Matas AS's current Debt-to-EBITDA of 4.98 is 67% above median its 10-year median of 2.99. Over the past 10 years, this metric has ranged from a low of 2.08 to a high of 3.86. The Retail - Cyclical industry median Debt-to-EBITDA is 2.41. Matas AS's value of 4.98 is 107.1% above this industry median. Based on the distribution chart, Matas AS ranks #586 out of 896 companies in the Retail - Cyclical industry, which is below the industry midpoint. Overall, Matas AS has a GF Score™ of 76/100 and is considered Modestly Undervalued, reflecting its overall financial health beyond just this single metric.
How does Matas AS's Debt-to-EBITDA compare to CASY and WSM?
According to the Retail - Cyclical industry distribution chart, Matas AS ranks #586 out of 896 companies for Debt-to-EBITDA. This places Matas AS in the lower half of its industry. The industry median Debt-to-EBITDA is 2.41. Matas AS's value of 4.98 is 107.1% above this benchmark. Historically, Matas AS's own Debt-to-EBITDA has ranged from 2.08 to 3.86 over the past decade. While the company's 10-year median is 2.99 vs. the industry median of 2.41, Matas AS has consistently been above the industry average. See the competitive comparison table and distribution chart on this page for a detailed peer-by-peer breakdown.
What is a good Debt-to-EBITDA for a Retail - Cyclical company?
The median Debt-to-EBITDA among Retail - Cyclical companies is 2.41, based on 896 companies in the industry. Companies in the top quartile (top 25%) have a Debt-to-EBITDA significantly above this median, while those in the bottom quartile fall well below. However, Debt-to-EBITDA should not be evaluated in isolation — investors should consider it alongside profitability, growth, and financial strength metrics. Matas AS's current Debt-to-EBITDA of 4.98 is 107.1% above the industry median. Use the industry distribution chart on this page to see where any company falls relative to its peers.
What does a high Debt-to-EBITDA mean?
A high Debt-to-EBITDA can signal that a stock is expensive relative to its fundamentals. Debt-to-EBITDA ratio represents the ratio of total debt to total earnings before interest, taxes, depreciation and amortization. View historical data on Matas AS. For the Retail - Cyclical industry, the median Debt-to-EBITDA is 2.41 — values significantly above this may indicate overvaluation, while values below may suggest a bargain or underlying issues. Matas AS's current Debt-to-EBITDA is 4.98, which is 67% above median its own 10-year median of 2.99. However, context matters — high-growth companies often justify higher valuations. Always evaluate alongside other metrics like GF Score™ and GF Value™.
Is Matas AS stock overvalued right now?
Based on GuruFocus' analysis, Matas AS (CHIX:MATASC) is currently considered Modestly Undervalued. The stock's GF Value™ is kr138.24, compared to a current price of kr100.70 — trading 27.2% below its estimated fair value. The current Debt-to-EBITDA is 4.98, which is 67% above median its 10-year median of 2.99 and 107.1% above the Retail - Cyclical industry median of 2.41. Matas AS's overall GF Score™ is 76/100 with 4 warning signs to review. Investors should evaluate multiple metrics — including profitability, growth, and financial strength — before making a decision.
How is Debt-to-EBITDA calculated?
Debt-to-EBITDA is calculated from a company's financial statements. For Matas AS (CHIX:MATASC), the current Debt-to-EBITDA is 4.98 as of Mar. 2026. GuruFocus calculates this using data sourced from SEC filings and annual reports. See the calculation section and 30-year financial data on this page for the full breakdown.
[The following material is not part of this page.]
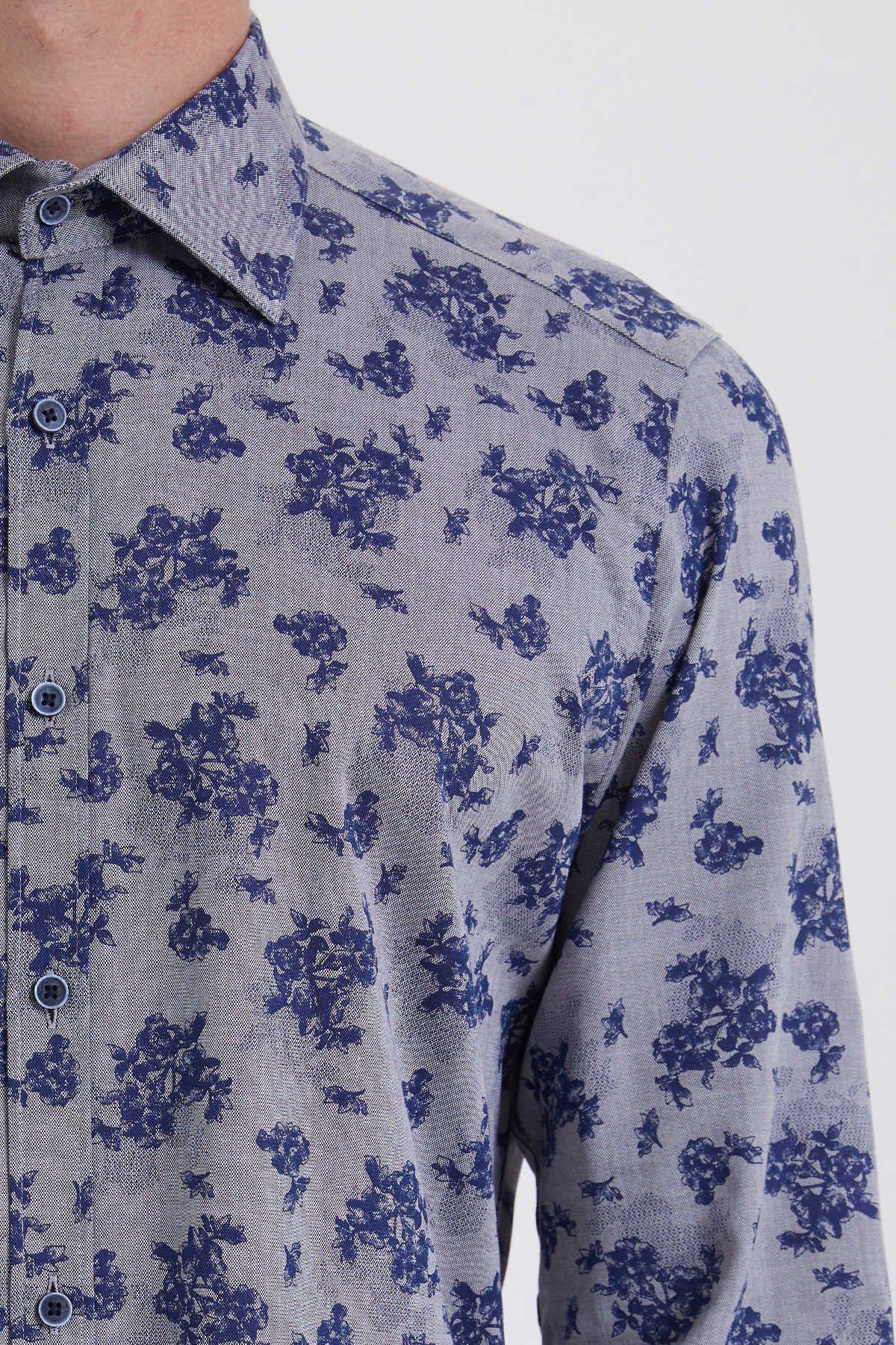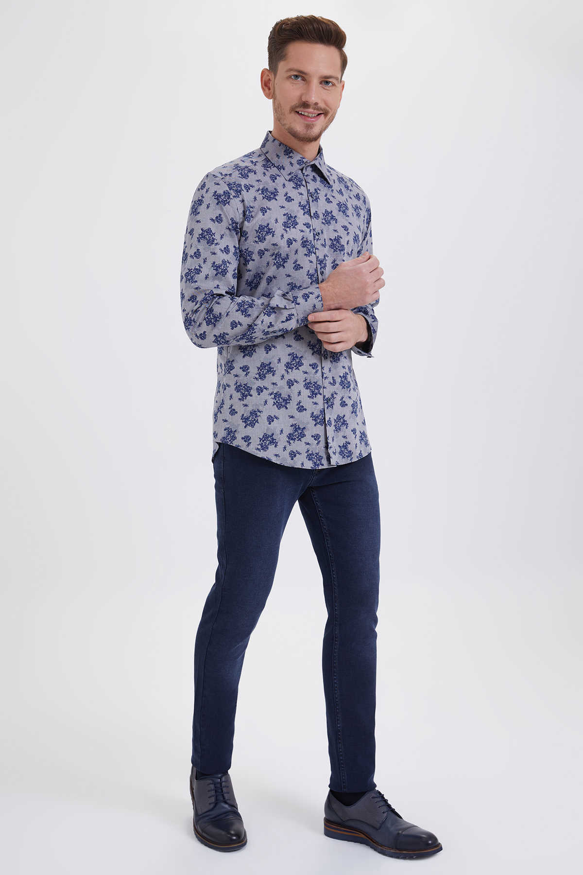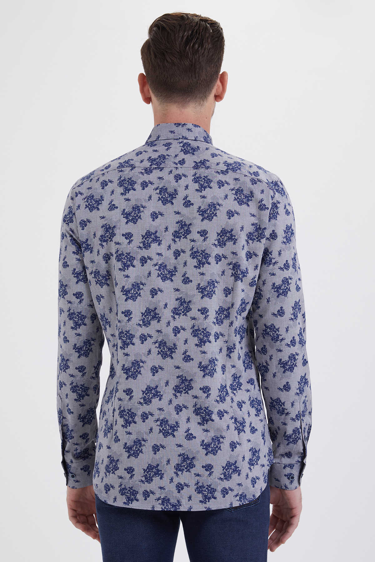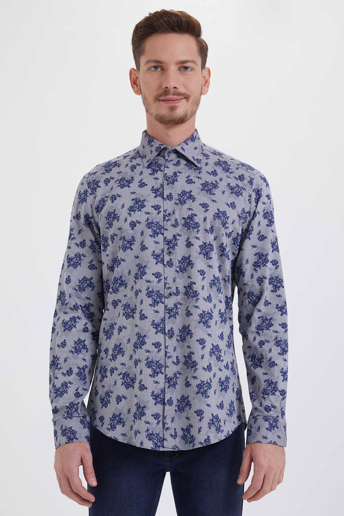Gri Baskılı Slim Fit Gömlek

Is Matas AS (CHIX:MATASC) Overvalued in 2026?

Based on GuruFocus' analysis, Matas AS stock appears to be undervalued. The current stock price of kr100.70 is trading 27.2% below its estimated GF Value™ of kr138.24. GuruFocus considers Matas AS to be Modestly Undervalued.
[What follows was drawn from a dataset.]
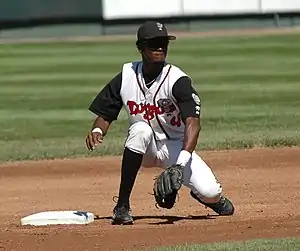 ![]() Vélez playing for the Lansing Lugnuts in 2005 | |
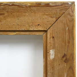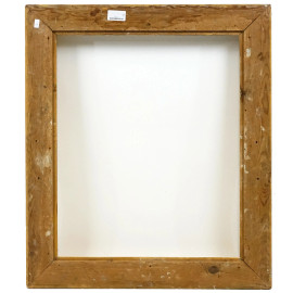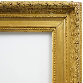 Cornice in legno dorato, inizi XX secolo, battuta interna a perline seguita da fascia liscia e piccola gola delimitata da nastro arrotolato, battuta esterna intagliata a motivi di ghirlanda a foglie d'alloro con bacche, misure ingombro cm 78x92, misure battuta cm 60,5x73,5, (difetti)

Key valuation signals for CHIX:MATASC:

  • Debt-to-EBITDA: 4.98 (67% above median its 10-year median of 2.99)
  • GF Value™: kr138.24 vs. price of kr100.70 (27.2% below fair value)
  • GF Score™: 76/100 with 4 warning signs
  • Industry Position: 107.1% above the Retail - Cyclical median (#586 of 896)

No single metric tells the full story. See the CHIX:MATASC stock analysis page for a complete view including 30-year financials, guru trades, and insider activity.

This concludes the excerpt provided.